● **Data block**
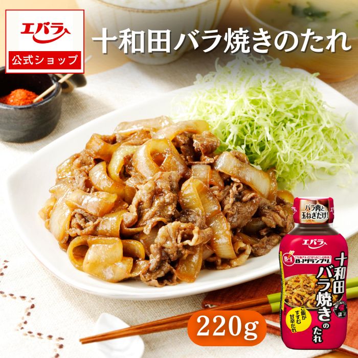 醤油をベースに、にんにくと生姜を合わせたご飯がすすむ甘辛だれです。本品は、B-1グランプリ公認、十和田バラ焼きゼミナール認定商品です。※ 醤油をベースに、にんにくと生姜を合わせたご飯がすすむ甘辛だれです。※ たっぷりのたまねぎが美味しくお召しあがりいただけます。※ 作り方はとても簡単、よく炒めた玉ねぎにバラ肉(牛または豚)を加えて炒め、 本品を加えて絡め焼くだけです。(肉:玉ねぎ=1:1.5が目安)※ 最後にたれの水分をとばすように強火で炒め、おいしさをギュッと閉じ込めて できあがりです。
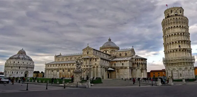- Today start the journey to Pisa. On arrival, marvel at The Piazza del Duomo (Cathedral Square) which is dominated by four great religious structures: the Duomo, Leaning Tower of Pisa, Baptistry and the Camposanto. Enjoy some free time here to buy souvenirs for friends and family. In the afternoon, continue the journey to Geneva. Here be taken on a short city tour to see the United Nations Building, The Flower Clock and the symbol of Geneva, the Jet d’Eau (weather permitting).
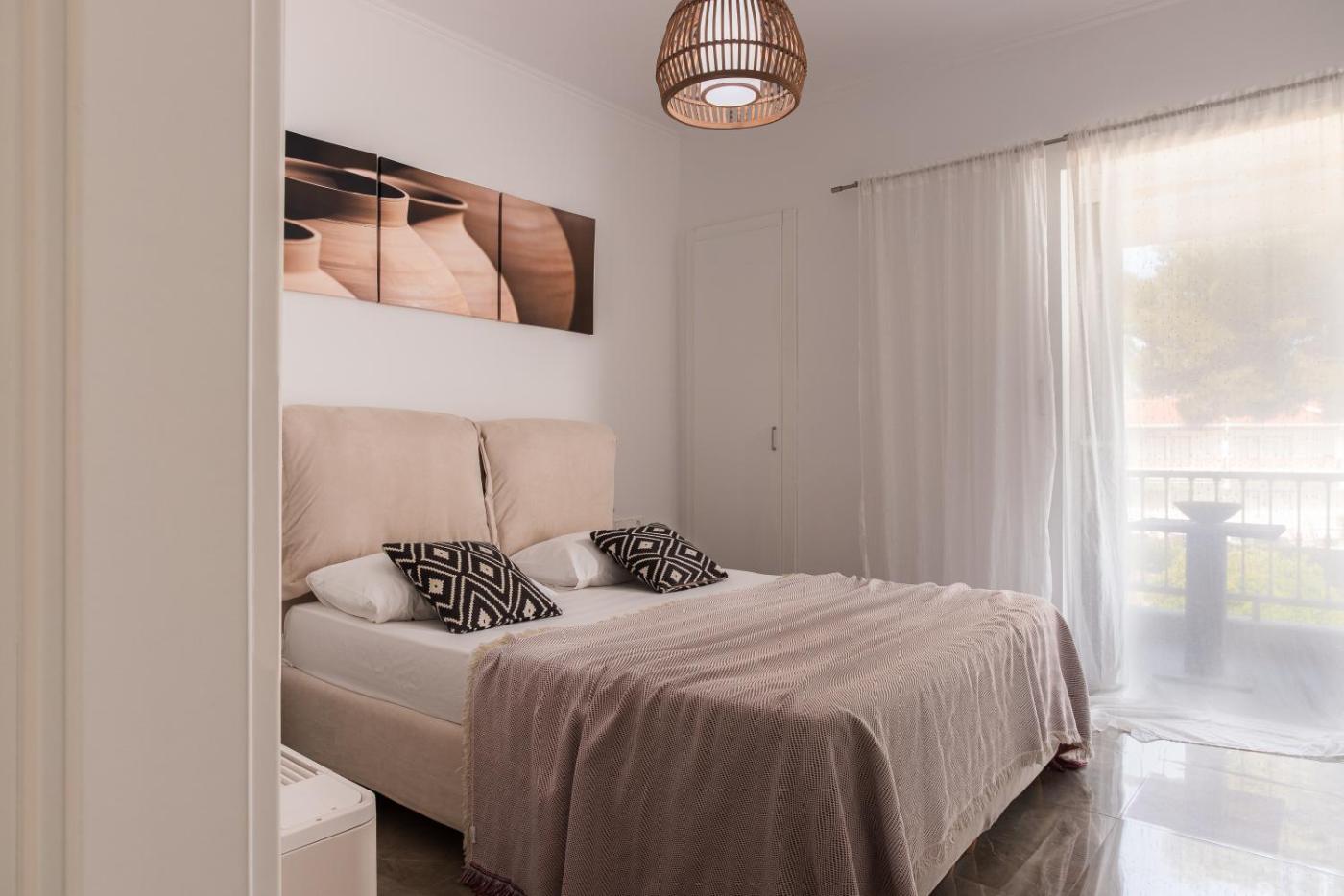 Two-Bedroom Apartment. Featuring a private entrance, this air-conditioned apartment comprises 1 living room, 2 separate bedrooms and 1 bathroom with a bath or a shower and a hairdryer. In the fully equipped kitchen, guests will find a refrigerator, kitchenware, an oven and a microwave. Boasting a balcony with sea views, this apartment also provides a washing machine and a flat-screen TV. The unit offers 3 beds.

● **Task brief**
Only lines go in the copy, not pictures. Transcribe exactly from the start of the listing through the line containing "- Today start".

● **Response area**
 醤油をベースに、にんにくと生姜を合わせたご飯がすすむ甘辛だれです。本品は、B-1グランプリ公認、十和田バラ焼きゼミナール認定商品です。※ 醤油をベースに、にんにくと生姜を合わせたご飯がすすむ甘辛だれです。※ たっぷりのたまねぎが美味しくお召しあがりいただけます。※ 作り方はとても簡単、よく炒めた玉ねぎにバラ肉(牛または豚)を加えて炒め、 本品を加えて絡め焼くだけです。(肉:玉ねぎ=1:1.5が目安)※ 最後にたれの水分をとばすように強火で炒め、おいしさをギュッと閉じ込めて できあがりです。
- Today start the journey to Pisa. On arrival, marvel at The Piazza del Duomo (Cathedral Square) which is dominated by four great religious structures: the Duomo, Leaning Tower of Pisa, Baptistry and the Camposanto. Enjoy some free time here to buy souvenirs for friends and family. In the afternoon, continue the journey to Geneva. Here be taken on a short city tour to see the United Nations Building, The Flower Clock and the symbol of Geneva, the Jet d’Eau (weather permitting).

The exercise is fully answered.